Lino Matteo is creating his very own definition of revolving door justice.
The former CEO of Mount Real Corp. was ordered on Thursday to turn himself in within 24 hours to the Cowansville Institution, a medium-security federal penitentiary in the Eastern Townships. He is to resume serving the five-year prison term he received last November following his conviction in a case where he was found to have violated 270 counts of Quebec’s Securities Act. If he does show up at the penitentiary on Friday as ordered, it will be the third time in two years as he continues to appeal his convictions in two major fraud cases.
A few weeks after he was sentenced last year, a judge agreed to a request that Matteo be freed while he appealed the case brought against him by the Autorité des marchés financiers (AMF), the provincial securities regulator. Matteo was found to have run what amounted to a Ponzi scheme through his firm as he bilked investors out of more than $130 million. Some of the 1,600 victims lost their life savings.
Matteo’s appeal did not challenge the evidence brought against him, but was based on a technicality. On Thursday afternoon, Superior Court Justice François Dadour dismissed the appeal and a lawyer from the AMF asked that Matteo be taken into custody immediately. She noted that the judge who agreed to allow Matteo to be released on conditions in December included a requirement that he be present in court when the decision on the appeal was delivered. The AMF lawyer argued the only conclusion to be drawn from that condition was that Matteo should be taken into custody right away if he lost the appeal.
Matteo’s lawyer, George Calaritis, countered that Matteo has respected all the conditions he has been ordered to follow since 2010, when he was charged in a criminal case involving investor fraud at Cinar Corp., and that if he failed to report to the penitentiary his family would risk a considerable financial loss through a bond his wife agreed to with the Court.
“He has always respected his conditions,” Calaritis said. “He wants to be able to say goodbye to his parents. They are of a certain age. They are over 80.”
Dadour agreed with Calaritis’s request after noting that the AMF lawyers in the case offered no evidence that Matteo should have been taken into custody immediately.
The expression “revolving door” is used by criminologists to describe an offender’s recidivism. In 1988, it became a common expression in North America after it was used in an ad during the U.S. presidential campaign by the Republicans to help George H.W. Bush defeat Michael Dukakis. The ad is often referred to as the turning point in that campaign.

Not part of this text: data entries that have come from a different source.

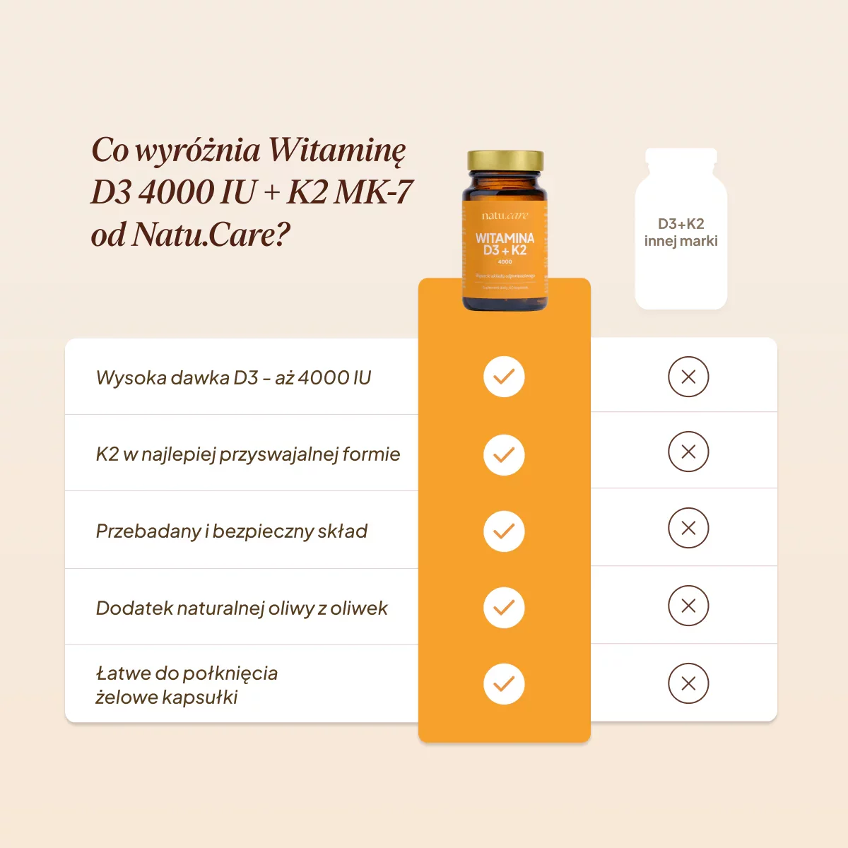 - Witamina D3 + K2 MK-7 to synergiczny duet wspierający odporność, zdrowe kości i równowagę hormonalną.
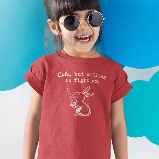 Kids Adorable Bunny with Attitude: Cute but Willing to Fight You Kids Cotton™ Tee in 7 Colors
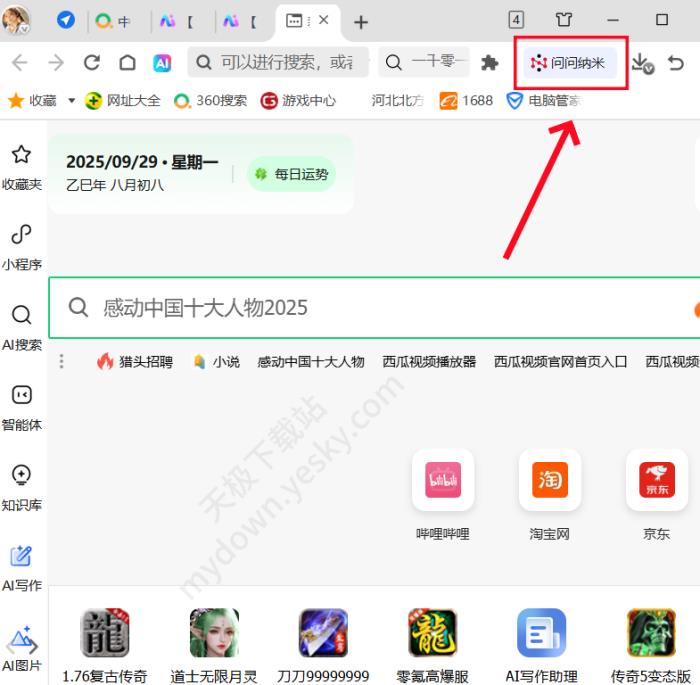 1、打开360安全浏览器,进入首页后点击右上角【问问纳米】。

In December 2016, Matteo was allowed to walk out of a federal penitentiary for the first time after a judge agreed he should be released while he appealed his conviction in the Cinar case. Matteo was sentenced to an eight-year prison term, during the summer of 2016, after he was convicted of fraud and forgery. In that case, investors were defrauded out of more than $120 million. The Quebec Court of Appeal is scheduled to hear the appeal next year.
Janet Watson, an investor who lost $68,000 by investing in Mount Real Corp. was present on Thursday when Dadour delivered his decision.
“I am happy with (Dadour’s) decision, but I would have liked to have seen (Matteo) be taken away immediately,” Watson said afterward. The fraud victim has taken on the responsibility of providing updates to the many other people who were bilked through Mount Real Corp. and Cinar.
She sighed when informed that Calaritis plans to bring the AMF case before the Quebec Court of Appeal, but pledged to be there when he does.
“I’m going to keep this up,” she said. “You have to see this through to the end.”